Pat Dillett and I went down into the pedestrian tunnel between the 1 and the L trains on 14th street and did some recording.
This was the site of my first attempt at busking, when I was 19. I had a friend who was making a living playing “I Still Haven’t Found What I’m Looking For” over and over again on subway platforms. I made it all of ten minutes before I split, completely demoralized by the people rushing past without paying attention.
Now that I make a cushy living as a singer/songwriter, I make it a point to give two bucks to every busker I encounter in the subway. They’re the hardest working people in show business.
Pat held a mic up to me, and I did maybe ten songs, sometimes between trains, when the tunnel was empty, sometimes when the tunnel was full of voices and footsteps, all of which I hope made it onto the tape. I haven’t heard it yet, but there were certain seredipitous moments that I think would sound fantastic; somebody humming along tunelessly with their iPod just as I ended a song, drunk voices shouting between tunes.
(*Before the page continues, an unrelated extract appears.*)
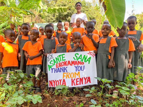 Wir danken allen Spender*innen ganz herzlich für die bisherige Unterstützung. Dank eurer Hilfe konnten wir die Arbeit mit den Menschen vor Ort realisieren. Durch Spenden kann diese Arbeit auch 2026 fortgeführt werden – sei es durch die Finanzierung von Schulungsmaterialien, Saatgut, Setzlingen, Werkzeugen oder durch die Aufforstung der Nyota-Gärten zur Versorgung der KiTa-Kinder. Jede Unterstützung hilft, Familien unabhängiger zu machen und Kindern eine gesunde Zukunft zu ermöglichen.

I got lots of smiles, and made $3.10. Two dollar bills, four quarters, and a dime.
I reconnected recently with my old friend Rachel Benbow Murdy. She was the girl who did the answering machine vocal on “Janine”. She is amazingly sharp, crazy, and funny. She has an incredibly precise and psychedelic view of reality. She has a fantastic gift for connecting the dots. She used to videotape conversations, years ago, when we lived together, and then watch them immediately afterwards, cackling at all the perverse cosmic connections she saw.
We both just got out of relationships. Personally, I’ve been feeling like a sexual ghost; just not interested. I’ve met some beautiful women in the past couple of months, have tried to shake myself into pursuing them, and just can’t do it.
I wrote that line in “40 Grand in the Hole,” “What is a life without my heart at risk?” because I hadn’t put my heart at risk in a long time. It is wonderful and amazing to do so, but this is an unexpected cost. I expected the pain, but not this kind of weird refractory period of being alone.
I broke up with her, then regretted it, and then she turned me down. I did it, of course, because I still love her, but also because, maybe, I just feel more comfortable being rejected than rejecting. People have been saying, “Oh, this will be good, you can write songs about it.” But I’ve been writing songs about the same kind of composite, ideal psychometaphoric-shadow-woman for a long time.
One-Sentence German Poems:
I’ve been writing these in the morning, to keep my Deutsch sharp, and because it throws my writing mind a curveball:
Sie hat die ganze Welt gegessen (She has eaten the entire world.)
Ich habe den reinen Prunk gesucht. (I have sought pure splendor.)